Today, we’re going to explore the fascinating of Natural Language Processing (NLP) and its application in text classification.

In this blog post, we’ll walk through the process of tackling a text similarity problem using modern NLP techniques. We’ll cover everything from data preparation to model training and evaluation. Along a way, we’ll also delve into correlation analysis using a classic dataset, helping us understand the importance of metrics in machine learning.

We’ll be using popular libraries like Transformers, pandas, matplotlib to bring our data to life and gain meaningful insights.

Alright enough chit chat, let’s roll up our sleeves and dive into the world of NLP.

Data Preparation

Alright, let’s drive into the data preparation for the U.S. Patent Phrase to Phrase Matching challenge. To start, you need to download the dataset using the Kaggle APi. Follow the installation instruction in their Github page, and then you can grab the dataset with the following command:

kaggle competitions download -c us-patent-phrase-to-phrase-matching

With the data in hand, let’s firer up python environment and take a closer look:

from pathlib import Path
import matplotlib.pyplot as plt
import numpy as np
import pandas as pd

# Define the path to the data
path = Path("./data")
df = pd.read_csv(path / "train.csv")

# Display the dataframe
df.head()
id anchor target context score
0 37d61fd2272659b1 abatement abatement of pollution A47 0.50
1 7b9652b17b68b7a4 abatement act of abating A47 0.75
2 36d72442aefd8232 abatement active catalyst A47 0.25
3 5296b0c19e1ce60e abatement eliminating process A47 0.50
4 54c1e3b9184cb5b6 abatement forest region A47 0.00

Examining the data is always the first step.

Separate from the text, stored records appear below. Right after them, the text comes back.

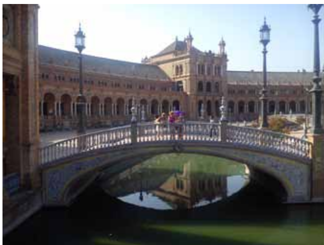
najbardziej romantyczny plac, Plac Hiszpański

Plaza de Toros de la Maestranza – najwspanialsza w Hiszpanii arena do walki z bykami. Korida to tradycja, sztuka, duma Hiszpanii, a z tym się nie dyskutuje. Byłam, siedziałam, oglądałam tylko pustą arenę, ale i tak robi wrażenie.
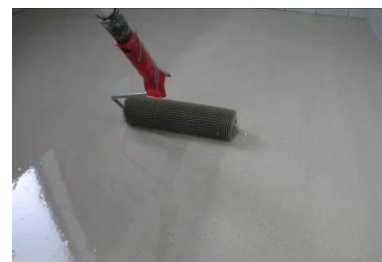
Uniformização da superfície c/ rolo de bicos
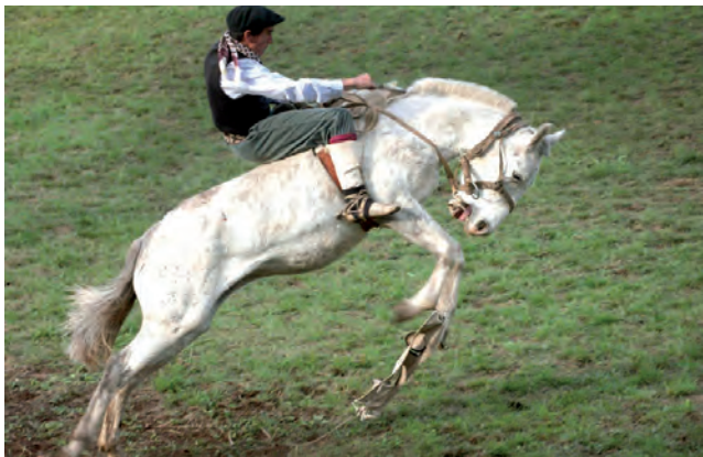
VIENE DE TAPA

Let’s peek at some summery statics to get an initial sense of what we’re working with:

df.describe(include="object")
id anchor target context
count 36473 36473 36473 36473
unique 36473 733 29340 106
top 8d135da0b55b8c88 component composite coating composition H01
freq 1 152 24 2186

Notice something interesting? The anchor field has only 733 unique values in a dataset of 36,000 entries. That’s a clear sign of repetition, suggesting some phrases appear frequently.

Now, onto preparing data for our model. In this task, our goal is to determine if two phrases have similar meanings. To give our model more context. Let’s add structure labels like “TEXT1:” and “TEXt2:”. This helps in making data more informative, alright because we have to do the same thing to our test set so i will write a function for this:

def preprocess_function(examples):
    examples["input"] = 'TEXT1: ' + examples["context"] + "; TEXT2: " + examples["target"] + "; ANC1: " + examples["anchor"]
    return examples

Adding context can be incredibly valuable providing the model with the background it need to understand nuanced of differences or similarities, especially in specialized field like patents.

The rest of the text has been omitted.